> Task details
Among the entries below, only the lines from the one with "Москва. 10 марта." through the one with "IMMUNOVA je doplněk" are to be retyped, exactly and without pictures.

> Data supplied
======
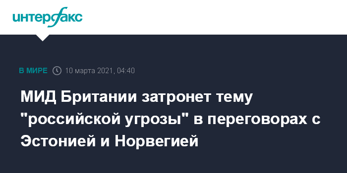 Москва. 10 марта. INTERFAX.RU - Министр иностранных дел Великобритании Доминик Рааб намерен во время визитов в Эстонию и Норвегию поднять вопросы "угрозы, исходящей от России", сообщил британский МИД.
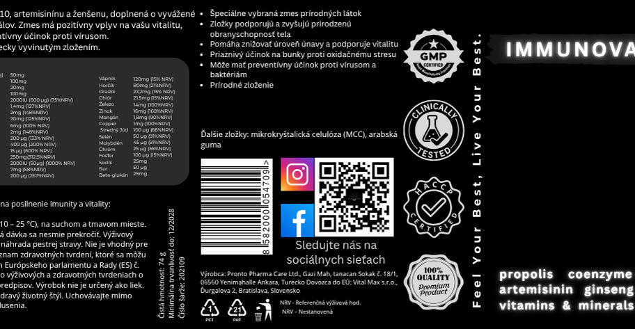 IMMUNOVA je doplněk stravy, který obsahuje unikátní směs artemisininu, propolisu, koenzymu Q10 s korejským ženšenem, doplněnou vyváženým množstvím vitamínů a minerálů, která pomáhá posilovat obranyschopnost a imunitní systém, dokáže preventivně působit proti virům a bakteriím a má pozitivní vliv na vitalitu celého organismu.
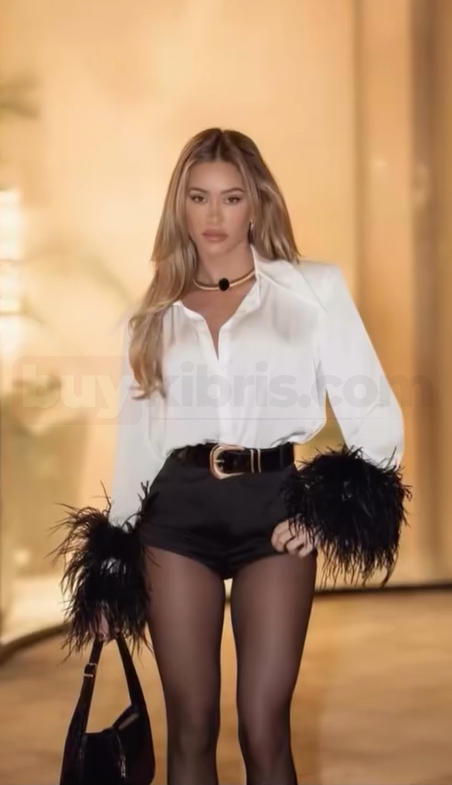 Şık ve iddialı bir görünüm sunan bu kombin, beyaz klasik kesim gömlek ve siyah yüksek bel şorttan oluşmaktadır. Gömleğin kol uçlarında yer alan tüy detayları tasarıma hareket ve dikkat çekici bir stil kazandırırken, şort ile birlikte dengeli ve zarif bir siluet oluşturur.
======
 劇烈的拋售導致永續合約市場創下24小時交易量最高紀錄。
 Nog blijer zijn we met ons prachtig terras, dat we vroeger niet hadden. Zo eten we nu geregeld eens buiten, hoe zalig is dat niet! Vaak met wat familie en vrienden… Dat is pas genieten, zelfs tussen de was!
======
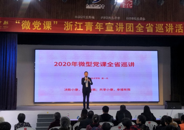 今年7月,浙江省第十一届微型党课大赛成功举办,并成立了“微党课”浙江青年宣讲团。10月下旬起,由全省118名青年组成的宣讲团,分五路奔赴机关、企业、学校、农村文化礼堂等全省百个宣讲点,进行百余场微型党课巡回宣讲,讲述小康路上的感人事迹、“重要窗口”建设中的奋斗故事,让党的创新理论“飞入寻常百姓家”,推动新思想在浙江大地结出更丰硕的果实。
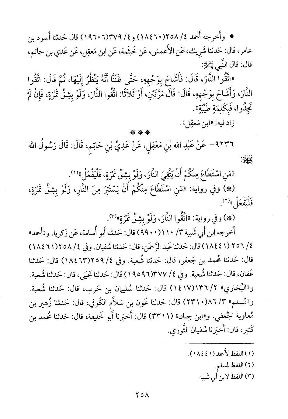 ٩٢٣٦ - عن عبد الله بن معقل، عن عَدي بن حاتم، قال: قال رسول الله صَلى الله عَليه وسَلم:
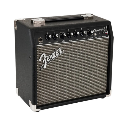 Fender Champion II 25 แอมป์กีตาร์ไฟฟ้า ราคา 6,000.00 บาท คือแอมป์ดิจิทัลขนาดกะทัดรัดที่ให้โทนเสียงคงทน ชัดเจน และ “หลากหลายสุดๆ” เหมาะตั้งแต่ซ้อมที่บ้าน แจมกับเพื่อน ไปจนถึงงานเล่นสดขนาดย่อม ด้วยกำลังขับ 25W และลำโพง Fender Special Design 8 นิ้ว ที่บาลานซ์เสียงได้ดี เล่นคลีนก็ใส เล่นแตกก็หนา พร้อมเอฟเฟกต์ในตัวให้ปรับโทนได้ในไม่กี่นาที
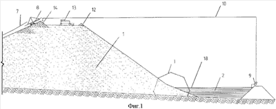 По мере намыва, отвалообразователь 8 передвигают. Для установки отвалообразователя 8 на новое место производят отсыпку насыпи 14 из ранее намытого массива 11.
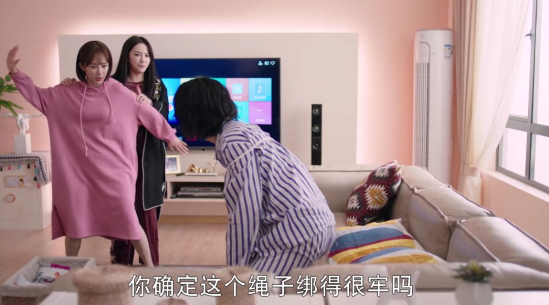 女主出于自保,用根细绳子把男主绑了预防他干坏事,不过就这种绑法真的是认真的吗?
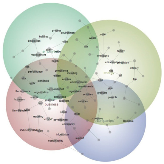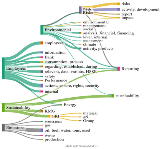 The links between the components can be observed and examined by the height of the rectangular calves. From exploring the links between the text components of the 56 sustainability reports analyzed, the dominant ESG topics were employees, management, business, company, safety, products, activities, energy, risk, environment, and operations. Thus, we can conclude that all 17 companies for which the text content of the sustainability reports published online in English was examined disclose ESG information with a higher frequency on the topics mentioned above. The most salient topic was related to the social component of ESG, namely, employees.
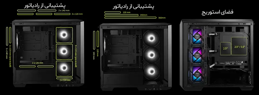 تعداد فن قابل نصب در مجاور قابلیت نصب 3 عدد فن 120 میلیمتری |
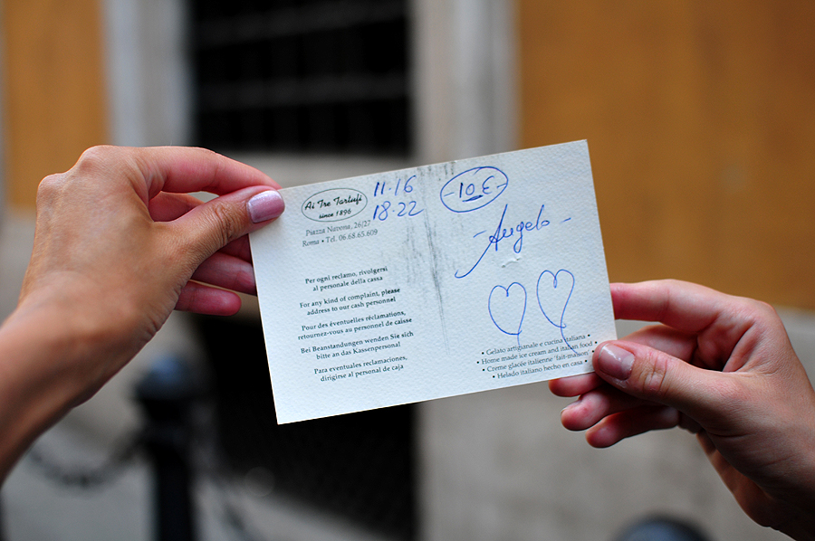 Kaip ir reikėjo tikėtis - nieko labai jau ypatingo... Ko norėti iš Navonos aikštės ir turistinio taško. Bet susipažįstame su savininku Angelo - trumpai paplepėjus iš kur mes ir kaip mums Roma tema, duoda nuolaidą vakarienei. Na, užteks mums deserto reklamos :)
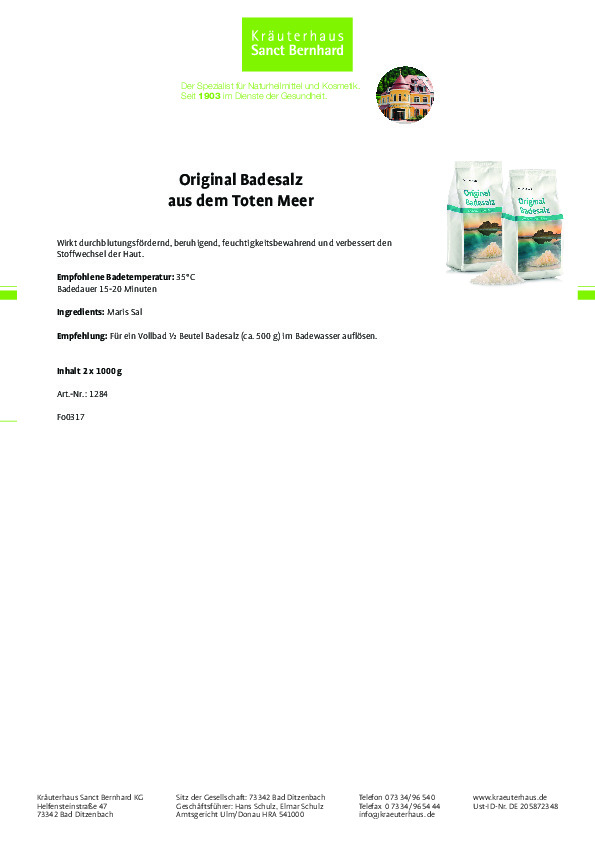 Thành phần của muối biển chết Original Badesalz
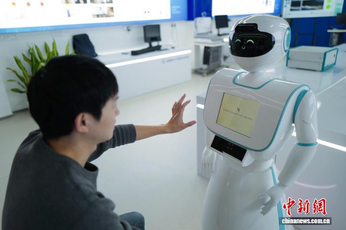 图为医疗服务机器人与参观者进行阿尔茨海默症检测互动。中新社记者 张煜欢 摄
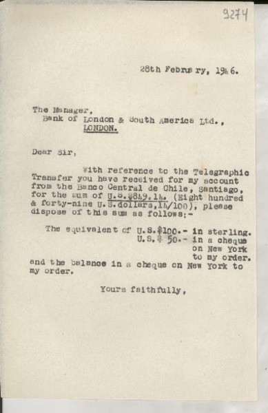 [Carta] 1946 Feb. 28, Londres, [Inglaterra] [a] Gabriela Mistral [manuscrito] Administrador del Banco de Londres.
======
> Answer box
 Москва. 10 марта. INTERFAX.RU - Министр иностранных дел Великобритании Доминик Рааб намерен во время визитов в Эстонию и Норвегию поднять вопросы "угрозы, исходящей от России", сообщил британский МИД.
 IMMUNOVA je doplněk stravy, který obsahuje unikátní směs artemisininu, propolisu, koenzymu Q10 s korejským ženšenem, doplněnou vyváženým množstvím vitamínů a minerálů, která pomáhá posilovat obranyschopnost a imunitní systém, dokáže preventivně působit proti virům a bakteriím a má pozitivní vliv na vitalitu celého organismu.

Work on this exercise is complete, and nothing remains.